Drift Detection in Data Stream Classification without Fully Labelled Instances
Sprache des Titels:
Proceedings of the IEEE Evolving and Adaptive Intelligent Systems Conference
Drift detection is an important issue in classification-based stream mining in order to be able to inform the operators in case of unintended changes in the system. Usually, current detection approaches rely on the assumption to have fully supervised labeled streams available, which is often a quite unrealistic scenario in on-line real-world applications.
We propose two ways to improve economy and applicability of drift detection: 1.) a semi-supervised approach employing single-pass active learning filters
for selecting the most interesting samples for supervising the performance of classifiers and 2.) a fully unsupervised approach based on the overlap degree of classifier's output certainty distributions.

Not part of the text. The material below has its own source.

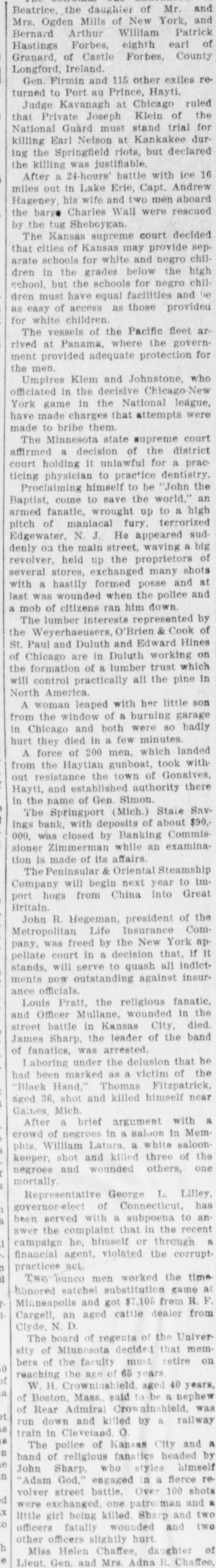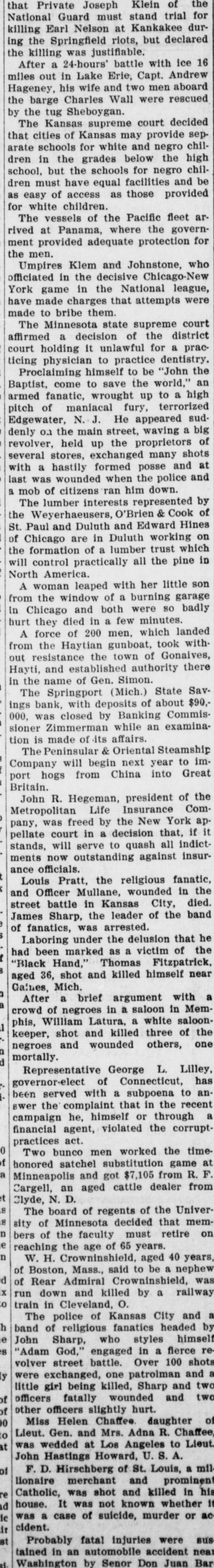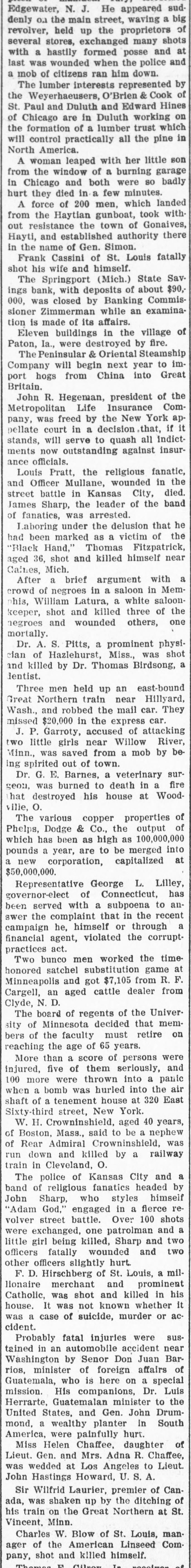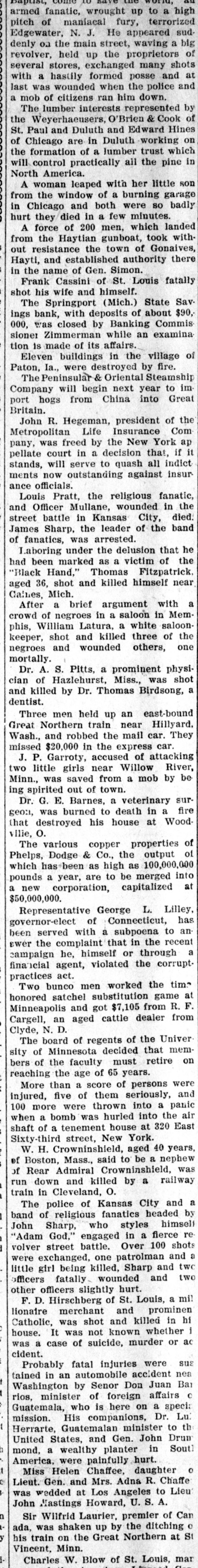 Edgewater, N. J. He appeared suddenly on the main street, waving a big revolver, held up the proprietors of several stores, exchanged many shots with a hastily formed posse and at last was wounded when the police and a mob of citizens ran him down. The lumber interests represented by the Weyerhaeusers, O'Brien & Cook of St. Paul and Duluth and Edward Hines of Chicago are in Duluth working on the formation of a lumber trust which will control practically all the pine in North America. A woman leaped with her little son from the window of a burning garage in Chicago and both were so badly hurt they died in a few minutes. A force of 200 men, which landed from the Haytian gunboat, took with out resistance the town of Gonaives, Hayti, and established authority there in the name of Gen. Simon. Frank Cassini of St. Louis fatally shot his wife and himself. The Springport (Mich.) State Sav. ings bank, with deposits of about $90,000, was closed by Banking Commissioner Zimmerman while an examination is made of its affairs. Eleven buildings in the village of Paton, Ia., were destroyed by fire. The Peninsular & Oriental Steamship Company will begin next year to import hogs from China into Great Britain. John R. Hegeman, president of the Metropolitan Life Insurance Company, was freed by the New York appellate court in a decision that, if it stands, will serve to quash all Indictments now outstanding against insuroffetate. acco Louis Pratt, the religious fanatic, and Officer Mullane, wounded in the street battle in Kansas City, died. James Sharp, the leader of the band of fanatics, was arrested. Laboring under the delusion that he had been marked as a victim of the "Black Hand," Thomas Fitzpatrick, aged 36, shot and killed himself near Caines, Mich. After a brief argument with a crowd of negroes in a saloon in Memphis, William Latura, a white saloonkeeper, shot and killed three of the negroes and wounded others, one mortally. Dr. A. S. Pitts, a prominent physician of Hazlehurst, Miss., was shot and killed by Dr. Thomas Birdsong, a dentist. Three men held up an east-bound Great Northern train near Hillyard, Wash., and robbed the mail car. They missed $20,000 in the express car. J. P. Garroty, accused of attacking two little girls near Willow River, Minn., was saved from a mob by being spirited out of town. Dr. G. E. Barnes, a veterinary surgeon, was burned to death in a fire hat destroyed his house at WoodO 1111 The various copper properties of Phelps, Dodge & Co., the output of which has been as high as 100,000,000 pounds a year, are to be merged into a new corporation, capitalized at $50,000,000. Representative George L. Lilley, governor-elect of Connecticut, has been served with a subpoena to answer the complaint that in the recent campaign he, himself or through a financial agent, violated the corruptpractices act. Two bunco men worked the timehonored satchel substitution game at Minneapolis and got $7,105 from R. F. Cargell, an aged cattle dealer from Clyde, N. D. The board of regents of the University of Minnesota decided that members of the faculty must retire on reaching the age of 65 years. More than a score of persons were injured, five of them seriously, and 100 more were thrown into a panic when a bomb was hurled into the air shaft of a tenement house at 320 East Sixty-third street, New York. W. H. Crowninshield, aged 40 years, of Boston, Mass., said to be a nephew of Rear Admiral Crowninshield, was run down and killed by a railway train in Cleveland, O. The police of Kansas City and a band of religious fanatics headed by John Sharp, who styles himself "Adam God," engaged in a fierce revolver street battle. Over 100 shots were exchanged, one patrolman and a little girl being killed, Sharp and two officers fatally wounded and two other officers slightly hurt. F. D. Hirschberg of St. Louis, a millionaire merchant and prominent Catholic, was shot and killed in his house. It was not known whether it was a case of suicide, murder or accident. Probably fatal injuries were sustained in an automobile accident near

Both variants rely on a modified version of the Page-Hinkley test, where a fading factor is introduced to outweigh older samples, making it more flexible to detect successive drift occurrences in a stream. The approaches are compared with the fully supervised variant (SoA) on two real-world on-line applications: the semi-supervised approach is able to
detect three real-occurring drifts in these streams with an even lower than resp. the same delay as the supervised variant of about 200 (versus 300) resp. 70 samples, and this by requiring only 20% labelled samples.